I have been used this computer for one year and half until this message occurred. So I do not expect that fixing it I could notify sooner. Anyway, this patch seems to me to be quite bad: Original code: static int mdio_read(void __iomem *ioaddr, int reg_addr) { int i, value = -1; RTL_W32(PHYAR, 0x0 | (reg_addr & 0x1f) << 16); for (i = 20; i > 0; i--) { /* * Check if the RTL8169 has completed retrieving data from * the specified MII register. */ if (RTL_R32(PHYAR) & 0x80000000) { value = RTL_R32(PHYAR) & 0xffff; break; } udelay(25); ^^^ why to spinloop here 25us when 20 is sufficient enough } return value; } Do rather this. This would wait from 20us to 40us after event occurs. Original code waits from 25us to 45us after event occurs. static int mdio_read(void __iomem *ioaddr, int reg_addr) { int i, value = -1; RTL_W32(PHYAR, 0x0 | (reg_addr & 0x1f) << 16); for (i = 25; i > 0; i--) { /* * Check if the RTL8169 has completed retrieving data from * the specified MII register. */ if (RTL_R32(PHYAR) & 0x80000000) { value = RTL_R32(PHYAR) & 0xffff; udelay(20); break; } udelay(20); } return value; }
Jaroslav Fojtik 2010-06-28 23:11:59 : [...] > I have been used this computer for one year and half until this message > occurred. So I do not expect that fixing it I could notify sooner. Fine. There is no hurry. [...] > why to spinloop here 25us when 20 is sufficient enough It is not. See http://marc.info/?l=linux-netdev&m=127605163010938&w=2 -- Ueimor
>It is not.

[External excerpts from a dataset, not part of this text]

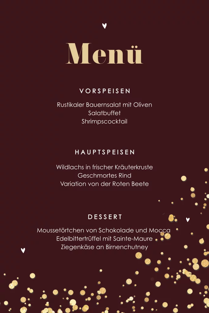 Klassische Menükarte zum Jubiläum mit Goldtupfern und Herzen
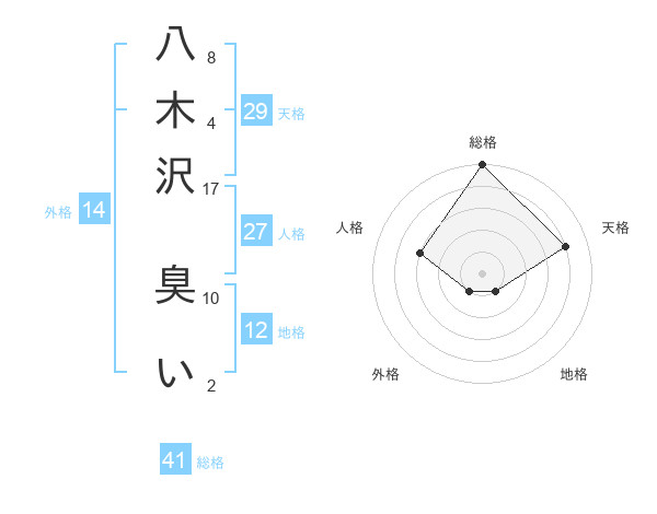 八木沢 臭いさんの総格は41画の5点!
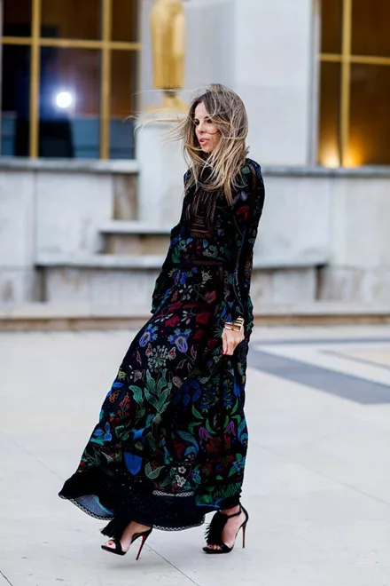 Η Erica Pelosini τολμάει να φορέσει το μάξι φλοράλ φόρεμα σε ένα μοτίβο που θυμίζει βαλκανική τέχνη και δεν έχουμε δει να φοριέται πολύ ακόμα.
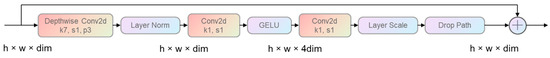 In this paper, modifications have been made to the structure of the ConvNeXt block to improve its effectiveness in classifying the quality of protein crystals. The original ConvNeXt block utilizes an inverted bottleneck structure, where the number of channels increases and then decreases to prevent information loss caused by compressed dimensionality. To reduce computational complexity, the depth-wise convolution layer has been relocated to the beginning. Furthermore, the activation function has been replaced with GELU instead of ReLU, and the normalization process has been substituted with Layer Norm rather than Batch Norm to mitigate any negative impact on network performance. The structure of the modified ConvNeXt block is shown in Figure 5.

See http://marc.info/?l=linux-netdev&m=127605163010938&w=2 You did not understand me. When I pool device with period 25us, the operation finish could occur anytime in the middle of 25us delay. When I add 20us additional delay, the delay from operation end is random value from 20us to 45us. Is it clear now? So I propose faster pooling with period 20us - see my code. I could test even faster pooling, but I am unsure whether saving several us could help.
Optimizing mdio code is not my #1 priority, especially when I broke the code with falsely innocuous changes in the first place (looong ago). Realtek suggests that the completion needs ~100us in itself. An extra 20us guard is needed too. How much will be saved with the suggested change when compared with current -git code ? How many mdio ops ? Really _that_ often ? Not much imho. Of course you can discuss or submit it on netdev if you feel it is worth it. -- Ueimor
The proposed change would: 1, add one additional op, (100/25=4; 100/20=5) 2, save 5us machine time 3, does not prolong total timeout wait time. I have no idea how often it is used. I only hope that this in not required for every packet, because it could kill overall performance a lot.
Ok, I better understand your concern now. This code is only used for link management related operations. It should mostly be used when the interface status changes or when something goes wrong. The 8168 can use it heavily (several hundred mdio ops) but the old 8169 is an order of magnitude below. Actually it's a bit like saving 5% of the time spent filling the yearly fiscal paper. -- Ueimor
*** Bug 16303 has been marked as a duplicate of this bug. ***
I will return back to main topic and will not poison this bug report with speedup hints. After adding additional 20us delay I did not observe any defect with three RTL-8110SC/8169SC devices. I also guess that diode defect after cable unplug was the same problem, because it vanishes.